Internet Security

Illuminating Large-Scale IPv6 Scanning in the Internet

Investigators: Oliver Gasser in cooperation with Philipp Richter and Arthur Berger (Akamai)

While scans of the IPv4 space are ubiquitous, today still very little is known about scanning activity in the IPv6 Internet. Scans in the IPv4 Internet have been studied for decades,but their IPv6 counterparts remain understudied. Therefore, in this project, we performed a longitudinal and detailed empirical study on large-scale IPv6 scanning behavior in the Internet,based on ﬁrewall logs captured at some 230,000 hosts of a major Content Distribution Network (CDN). We presented detailed analyses on large-scale IPv6 scans carried out over the course of 15 months, as seen from a major CDN. We analyzed scan sources, and studied targeted services and addresses. We ﬁnd that, unlike IPv4 scans, large-scale IPv6 scans are still comparably rare events, and we ﬁnd them originating only from some 60 ASes. Further, IPv6 scan packets are concentrated on a small number of very active scan sources, with the two most active sources accounting for more than 70% of all logged scan traﬃc throughout our measurement window. Many large-scale IPv6 scans do not target a single or a small number of speciﬁc services, but rather scan large swaths of port numbers, sometimes exceeding 100 ports targeted per scan. This behavior more closely resembles general and unspeciﬁc penetration testing behavior, as opposed to scanning patterns of botnets trying to spread laterally by exploiting individual vulnerabilities. Our ﬁndings showed that IPv6 scans in the wild show widely diﬀerent characteristics from the more well-known IPv4 scans. We contrasted our ﬁndings with what can be observed in publicly available data in the MAWI dataset, and we discussed potential reasons for our observations. In this project [1], we developed methods to identify IPv6 scans, assessed current and past levels of IPv6 scanning activity, and studied dominant characteristics of scans, including scanner origins, targeted services, and insights on how scanners ﬁnd target IPv6 addresses. Where possible, we compared our ﬁndings to what can be assessed from publicly available traces. This project identiﬁes and highlights new challenges to detect scanning activity in the IPv6 Internet, and uncovers that today’s scans of the IPv6 space show widely diﬀerent characteristics when compared to the more well-known IPv4 scans.

References
• [1] P. Richter, O. Gasser, and A. Berger.
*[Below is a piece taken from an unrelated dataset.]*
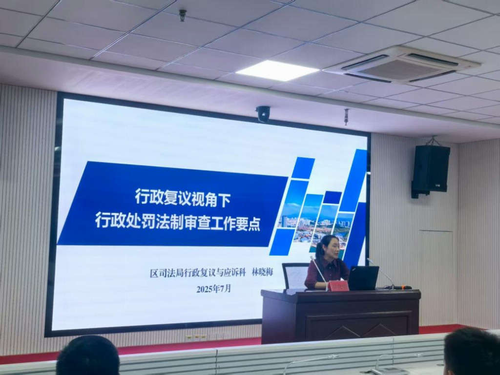 区司法局行政复议与应诉科科长林晓梅围绕“行政复议视角下行政处罚法制审查要点”主题,首先介绍了行政处罚类复议申请相关工作情况,随后以实际办理的行政处罚类复议案件为切入点,聚焦行政行为作出阶段、行政复议答复阶段、行政应诉阶段三个关键环节,从事实认定、证据审查、法律适用审查、程序合法性审查等方面进行了深入剖析,为公职律师处理相关业务提供了清晰的审查路径及风险防范指引。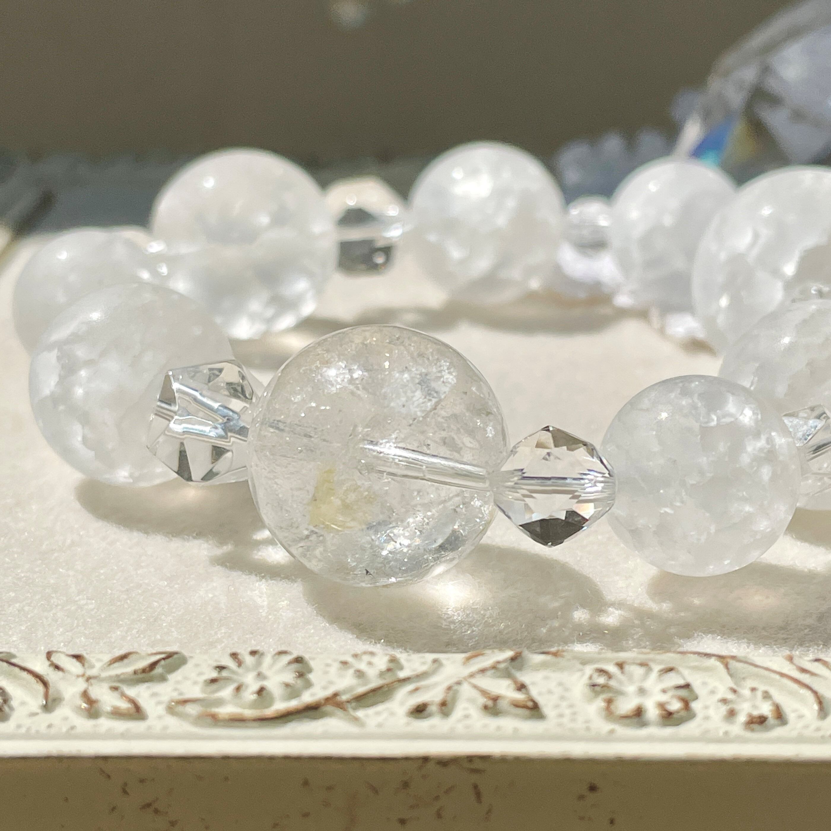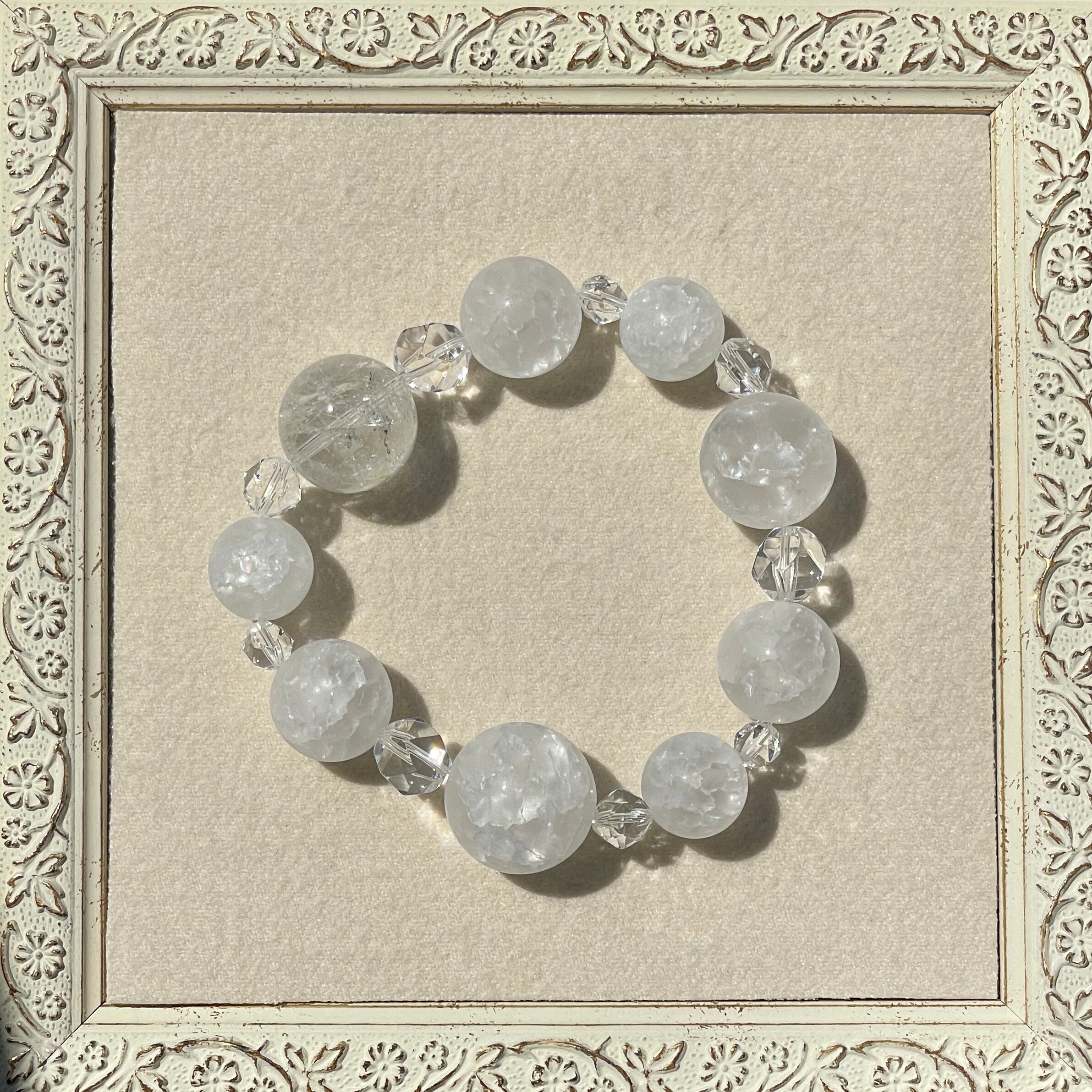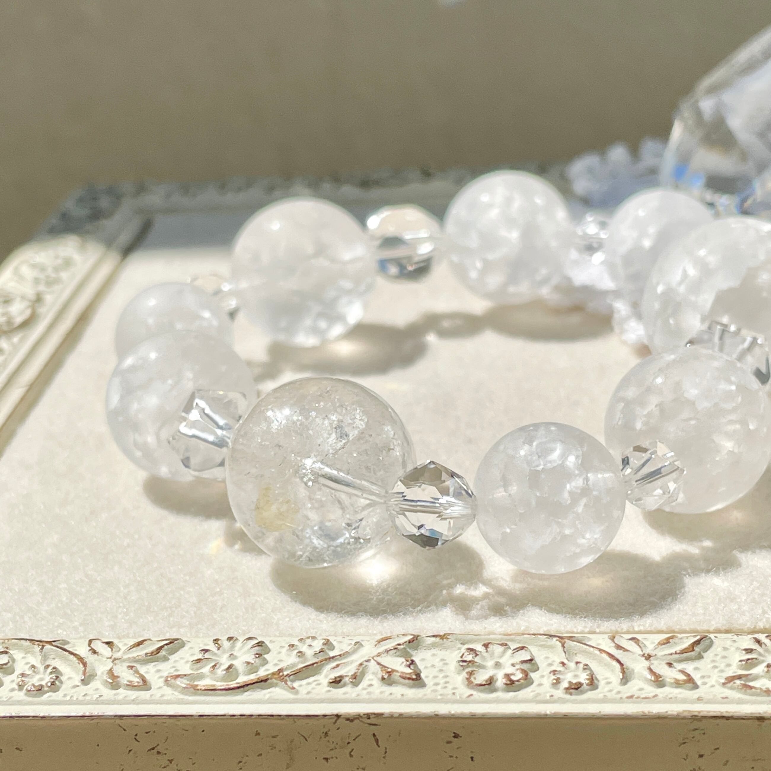 表情の違う2種のクラック入りの水晶を使った迫力のあるブレスレットです。

Illuminating large-scale IPv6 scanning in the internet. In C. Barakat and C. Pelsser, eds., IMC ’22, ACM Internet Measurement Conference, Nice, France, 2022, pp. 410–418. ACM.

Third Time’s Not a Charm: Exploiting SNMPv3 for Router Fingerprinting

Investigators: Oliver Gasser in cooperation with Taha Albakour (TU Berlin), Robert Beverly (Naval Postgraduate School), and Georgios Smaragdakis (TU Delft)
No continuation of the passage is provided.